Los beneficios de realizar actividad física diariamente son muchos. Además de prevenir el sedentarismo y ayudar a tener una mejor calidad de vida, se comprobó que ayuda a la liberación de endorfinas, a mejorar el insomnio, la estructura ósea y la musculación, y a disminuir las probabilidades de contraer enfermedades.
Sin embargo, “cuando se realiza ejercicio en entornos calurosos, nuestro sistema de enfriamiento tiene que esforzarse más, en donde el cuerpo envía más sangre a la piel, apartándola de los músculos, esto aumenta su frecuencia cardíaca. Haciendo que se sude más de los normal, perdiendo así líquidos de su cuerpo, además si el tiempo está húmedo, el sudor permanece en la piel, lo cual hace que al cuerpo le resulte difícil enfriarse”.
Desde Salud municipal destacan que los síntomas relacionados con el calor excesivo a los que se debería prestar atención son los siguientes:
-Calambres por el calor. Calambres musculares, normalmente en las piernas o el estómago (provocados por una pérdida de sal a causa de la sudoración). Este puede ser el primer signo de sobrecalentamiento.
-Agotamiento a causa del calor. Sudoración profusa, piel fría y húmeda, náuseas y vómitos.
-Insolación
Recomendaciones
Independientemente de la actividad que realicen, cuando hay altas temperaturas, se deberán tomar las precauciones necesarias para prevenir riesgos relacionadas con el calor, entre las cuales se proponen:
- Informarse sobre las temperaturas. Estar atento a los pronósticos del tiempo y las alertas por calor. Saber qué temperatura se espera para el momento en que va a hacer actividad física.
- Aclimatarse. Si acostumbra a hacer actividad física en espacios cerrados o en un clima más fresco, tomarse con calma los primeros entrenamientos en ambientes con altas temperaturas. Adaptarse al calor puede llevarle entre una y dos semanas. A medida que con el tiempo el cuerpo se va adaptando al calor, aumentar progresivamente la duración e intensidad de los entrenamientos.
- Conocer el estado físico. Si no se está en buen estado o si recién se empieza a entrenar, ser extremadamente cuidadoso al ejercitarse con temperaturas altas. Es posible que el cuerpo tenga menor tolerancia al calor. Es importante la intensidad del entrenamiento y hacer pausas frecuentes.
- Ingerir mucho líquido. La deshidratación es un factor clave en las enfermedades por calor. Ayudar al cuerpo que sude y se enfríe hidratándose con agua. No esperar a tener sed para ingerir bebidas. Si se planea hacer un entrenamiento intenso, considerar las bebidas isotónicas, además del agua. Estas bebidas reemplazan el sodio, cloruro y potasio que pierde cuando se suda.

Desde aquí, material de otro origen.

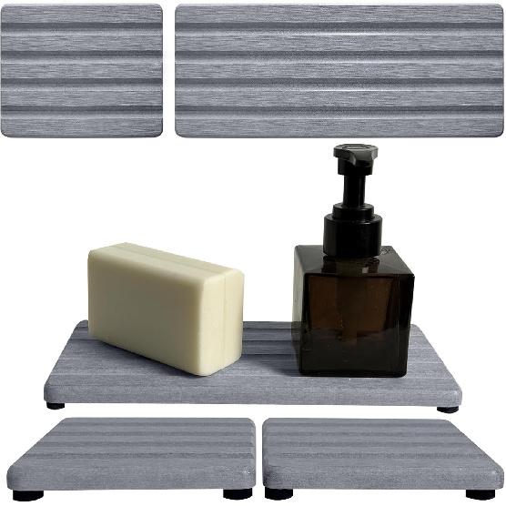Set of 3 Diatomite Hand Soap Holder, Water Absorbing Stone Tray for Kitchen Countertop, Fast-Drying Bathroom Trays(1pcs 22 x 10cm + 2pcs 10 x 10cm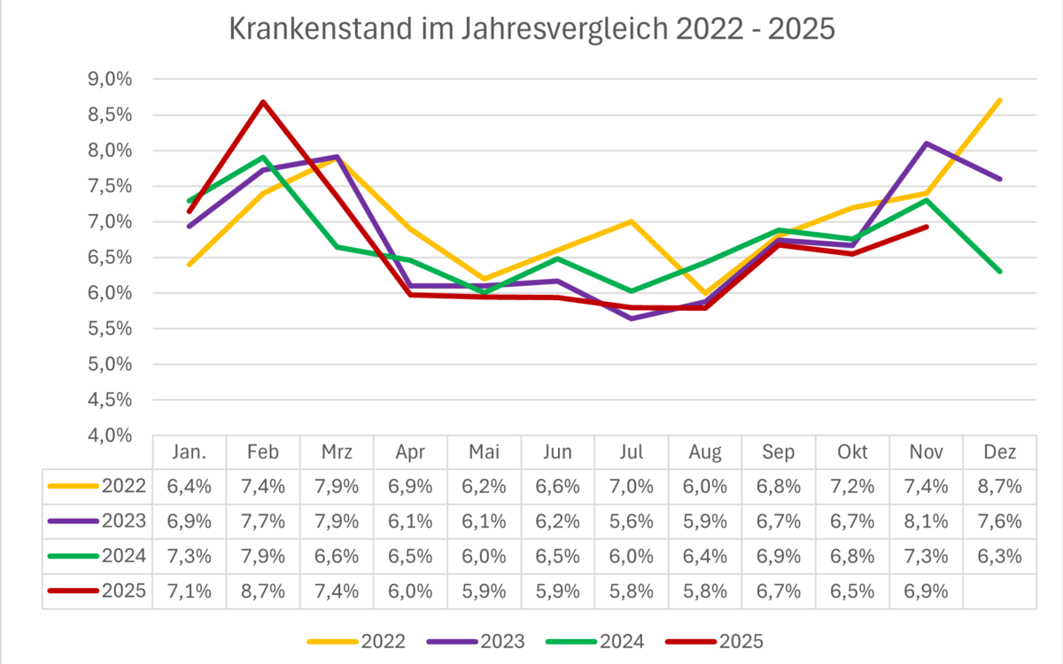 Abbildung 2 vergleicht die Entwicklung der Krankenstände der Jahre 2022 bis 2025. Der hohe Krankenstand in 2022 wurde in den Folgejahren nicht wieder erreicht, sondern sank auf 6,8 Prozent (2023), 6,7 Prozent (2024) und auf 6,6 Prozent in 2025. Deutlich zu erkennen sind die üblichen jahreszeitliche Schwankungen, ebenso wie die Effekte der letzten hohe Coronawelle Ende 2022 als auch die Auswirkung einer stärker ausgeprägten Grippewelle zu Beginn 2025.

- Usar la indumentaria adecuada. Las prendas livianas y holgadas permiten que el sudor se evapore y mantienen el cuerpo fresco. Evitar usar colores oscuros que absorban el calor.
- Colocarse protector solar. Una quemadura por el sol reduce la habilidad del cuerpo de enfriarse y aumenta el riesgo de contraer cáncer de piel.
• Adaptar el ritmo. Si el calor es elevado y se registra que se estás más cansado o que el ejercicio supone un esfuerzo extremo, es necesario escuchar el cuerpo y adapta el ritmo a las necesidades del día.